The domestic market is still a dream for African producers


NAIROBI (Reuters) – Mobius Motors, which was the only domestic car manufacturer in Kenya, has only produced about 50 test vehicles since its inception in 2014.

The symbol of the Kenyan car maker Mobius is visible on the grill of the first generation SUV Mobius II in the company's showroom in Nairobi, Kenya, March 6, 2019. Figure 6 March 2019. REUTERS / Baz Ratner

Mobius is one of many African companies that are hoping for a part of the market, which is largely underdeveloped for new cars.

As global car giants, including Japanese Toyota and German Volkswagen, have stepped up efforts to exploit a large market, local actors, including Kiira Motors from Uganda, Ghana Kantanka and Nigerian Innoson Motors.

They face the same obstacles as their generous colleagues, especially with the prevalence of low-priced second-hand imports, but without deep pockets and infrastructure to overcome them.

"This is not an easy way," said Joel Jackson, 34-year-old founder of Mobius Motors, London.

Ten years ago, he first dreamed of building a car in Africa for African drivers when he traveled to Kenya for his work in a forestry company.

Mobius produces a robust, shapeless SUV designed to meet the challenges of African driving conditions as well as the modest budget of African consumers.
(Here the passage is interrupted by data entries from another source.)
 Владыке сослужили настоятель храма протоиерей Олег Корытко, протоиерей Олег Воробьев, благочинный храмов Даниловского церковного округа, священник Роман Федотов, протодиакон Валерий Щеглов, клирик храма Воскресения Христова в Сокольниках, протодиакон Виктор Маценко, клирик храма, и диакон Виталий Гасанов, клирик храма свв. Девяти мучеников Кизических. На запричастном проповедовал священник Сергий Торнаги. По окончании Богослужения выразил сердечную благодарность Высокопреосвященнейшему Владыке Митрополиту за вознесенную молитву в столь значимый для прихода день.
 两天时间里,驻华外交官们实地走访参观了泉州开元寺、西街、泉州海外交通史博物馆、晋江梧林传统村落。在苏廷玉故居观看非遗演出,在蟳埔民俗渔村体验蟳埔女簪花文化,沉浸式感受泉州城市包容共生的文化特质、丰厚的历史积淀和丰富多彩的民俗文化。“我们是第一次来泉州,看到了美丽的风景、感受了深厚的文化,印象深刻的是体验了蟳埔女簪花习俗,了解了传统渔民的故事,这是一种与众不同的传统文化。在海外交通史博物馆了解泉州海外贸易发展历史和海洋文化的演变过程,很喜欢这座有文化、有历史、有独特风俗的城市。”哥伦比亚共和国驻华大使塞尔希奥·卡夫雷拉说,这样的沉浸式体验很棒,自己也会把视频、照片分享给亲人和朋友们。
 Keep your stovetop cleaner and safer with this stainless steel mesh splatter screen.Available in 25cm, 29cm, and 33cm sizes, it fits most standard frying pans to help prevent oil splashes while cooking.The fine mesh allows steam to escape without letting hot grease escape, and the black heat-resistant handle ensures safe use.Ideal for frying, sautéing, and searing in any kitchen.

The entry version is worth 1.3 million shillings ($ 12,897), which is half the lower price for the used SUV model imported from Japan.
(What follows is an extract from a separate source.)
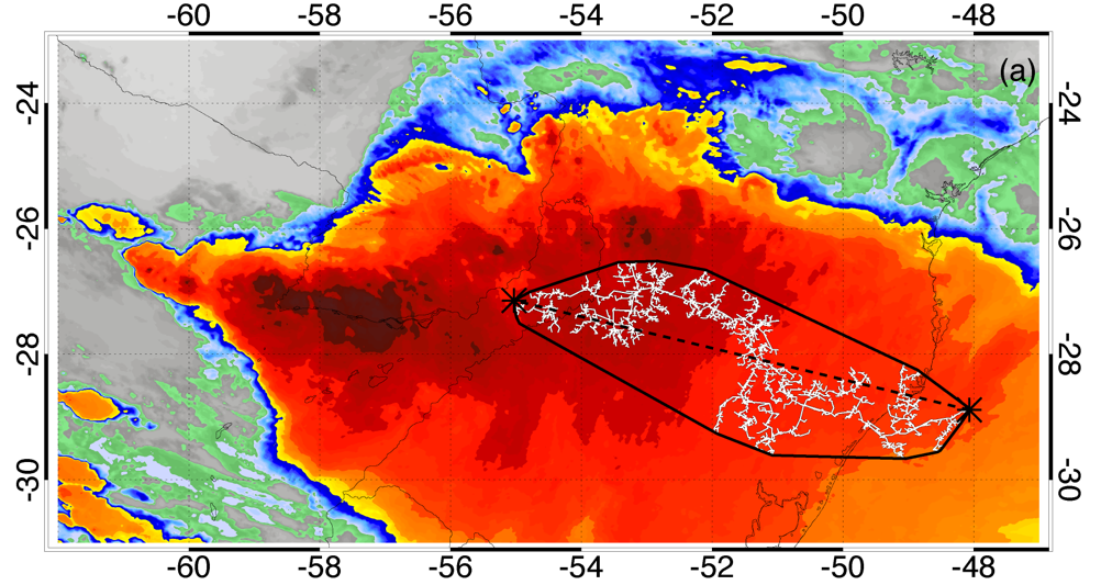 Satelitní snímek rekordně dlouhého blesku z 31. října 2018 - vyskytl se v rozsáhlém bouřkovém oblaku
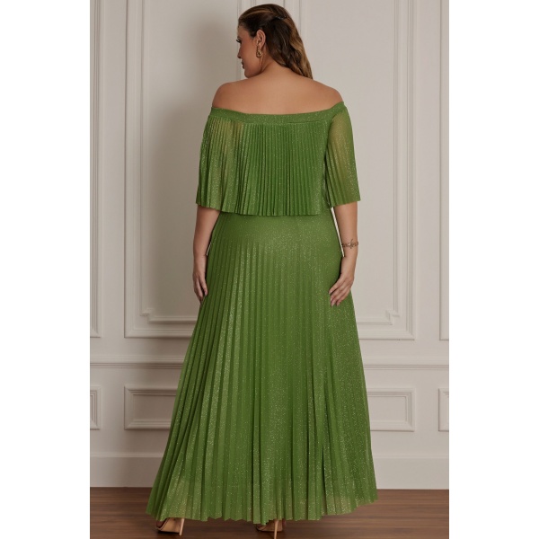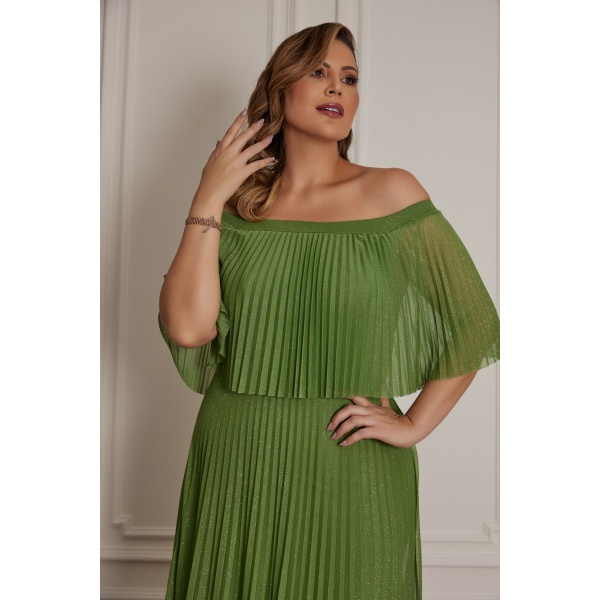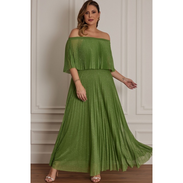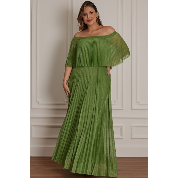 👗 Vestido longo plus size verde oliva ombro a ombro inteiro plissado em lurex. Um arraso né?

And although potential customers have placed more than 400 orders and paid $ 300 for their cars, Jackson is still crossing the globe to raise funding for the entire production launch, which has been delayed for almost a year.

"A large amount of money goes into production processes, but there is also a lot of investment in research and development of the vehicle itself," he said.

The Nigerian Innoson is a bit better, as it sold 10,000 vehicles in the first eight years of operation.

Kiira, which is 96% owned by the state, is building a $ 40 million assembly plant in southern Uganda, which will be able to produce 5,000 cars a year. However, since 2011, the company has built only three prototype vehicles.

Rodney Muhumuza, Kiirin, Head of Business Development, said that at a time when it received state support, the company needed private capital at a certain point. The biggest challenges at the moment are related to politics, he said.

The total sales of cars in the East African Community – the common market, including Kenya, Uganda, Rwanda, Burundi, Tanzania and South Sudan – are doubled to 500,000 vehicles a year over the next decade, he estimates. And he wants to be new, locally manufactured cars.

In order to do this, governments must unite in order to support domestic production by restricting cheap imports from countries such as Japan and harmonizing tax rates in order to reduce the prices of vehicles produced in neighboring countries.

"If there are tax and non-fiscal incentives in the region that really make it easier to add value at the local level, this will be a lot," he said. "It's really a very good market."